Finally, the Modified Duration and
Bond Sensitivity fields are used to give an indication of
what might happen to the value of each holding and the portfolio overall
as interest rates change.
This table shows the monthly and quarterly cash flows that the portfolio will provide. After tax cash flows from each bond are reduced based on the tax rate that applies to the bond’s type (ie. muni, tres, agency, corp). Tax rates are taken from the types table.
rst_lst$bonds_port_coupons_tbl %>%
format.dt.f(., ron_vars=names(.)[-1], perc_vars=NA)This table displays the amount of the portfolio that’s in each type of Bond (muni, corp, tres, agency) and also shows the current portfolio yield by bond type. Average yield, duration, and credit quality per bond type are also displayed.
rst_lst$bonds_port_types_tbl %>%
format.dt.f(., ron_vars=names(.)[c(5:6, 11:12)], perc_vars=names(.)[c(2:3, 7:9)])Breaks down portfolio value by credit quality and shows yields for each credit tier. Cumulative percent in the percent of the portfolio that has a credit rating as good or better than the rating for the given row.
rst_lst$bonds_port_quality_tbl %>%
format.dt.f(., ron_vars=names(.)[c(4:5, 10:11)], perc_vars=names(.)[c(2:3, 6:8)])This table displays the amount of the portfolio that will be maturing in various timeframes. Also, for all the bonds maturing within a given time bracket, average yield and credit quality are computed.
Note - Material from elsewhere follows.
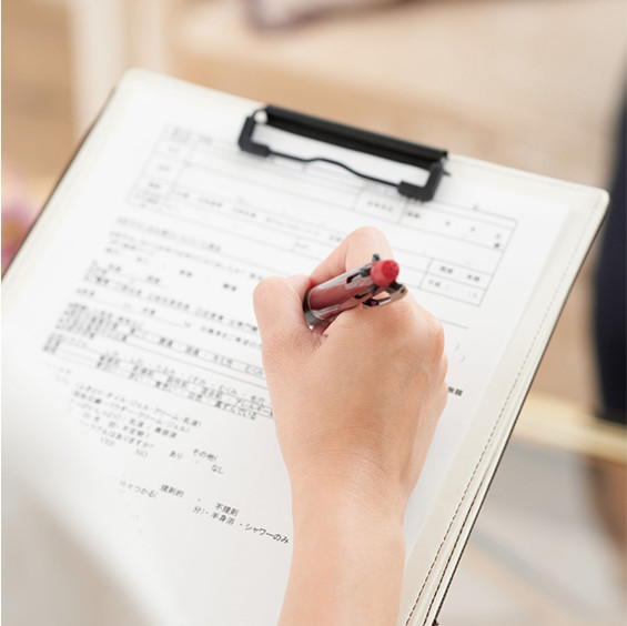 安全に、かつ、そのこの状態に適した施術を行えるように体調面や気になること、通院歴がある場合はその後の経過などについても細かくヒアリングします。

rst_lst$bonds_port_maturity_tbl %>%
format.dt.f(., ron_vars=names(.)[c(6, 11:13)], perc_vars=names(.)[c(3:4, 7:9)])Purpose:
The annuity.pv.f function utilizes
rate.equivalent.f, along with the interest rate, number of
periods, installments (cash flow), cash flow at the end of the annuity,
a boolean for immediate start, frequency of annuity payments, and
frequency of compounding of interest rates as inputs. To calculate the
present value.
| Variable | Type | Description |
|---|---|---|
| rate | Numeric | The interest rate in decimal (0.10 or 10e-2 for 10%) |
| n.periods | Numeric | The number of periods in the annuity. |
| installment | Numeric | The installment (cash flow) per period. |
| terminal.payment | Numeric | Any cash flow at the end of the annuity. For example, a bullet repayment at maturity of the unamortized principal. |
| immediate.start | Boolean | Logical variable which is TRUE for immediate annuities (the first installment is due immediately) and FALSE for deferred annuities (the first installment is due at the end of the first period). |
| cf.freq | Numeric | Frequency of annuity payments: 1 for annual, 2 for semi-annual, 12 for monthly. |
Code Example:
# Find the present value at 10% of 15 annual installments of 1 each period:
annuity.pv.f(rate=10e-2, n.periods=15)
[1] 7.60608
# Find present value at 10% of 15 annual installments of 1 each period where the annuity
# starts immediately:
annuity.pv.f(rate=10e-2, n.periods=15, immediate.start = TRUE)
[1] 8.366687Purpose:
The annuity.pv.f function utilizes
rate.equivalent.f, along with the interest rate, number of
periods, installments (cash flow), cash flow at the end of the annuity,
a boolean for immediate start, frequency of annuity payments, and
frequency of compounding of interest rates as inputs. To calculate the
future value.
| Variable | Type | Description |
|---|---|---|
| rate | Numeric | The interest rate in decimal (0.10 or 10e-2 for 10%) |
| n.periods | Numeric | The number of periods in the annuity. |
| installment | Numeric | The installment (cash flow) per period. |
| terminal.payment | Numeric | Any cash flow at the end of the annuity. For example, a bullet repayment at maturity of the unamortized principal. |
| immediate.start | Boolean | Logical variable which is TRUE for immediate annuities (the first installment is due immediately) and FALSE for deferred annuities (the first installment is due at the end of the first period). |
| cf.freq | Numeric | Frequency of annuity payments: 1 for annual, 2 for semi-annual, 12 for monthly. |
# Find the future value at 10% of 15 annual installments of 1 each period:
annuity.fv.f(rate=10e-2, n.periods=15)
[1] 31.77248
# Find future value at 10% of 15 annual installments of 1 each period where the annuity
# starts immediately:
annuity.fv.f(rate=10e-2, n.periods=15, immediate.start = TRUE)
[1] 34.94973Purpose:
The annuity.installment.f function utilizes
rate.equivalent.f, along with the interest rate, number of
periods, present value, future value, installments (cash flow), cash
flow at the end of the annuity, a boolean for immediate start, frequency
of annuity payments, and frequency of compounding of interest rates as
inputs. To calculate the annual installment.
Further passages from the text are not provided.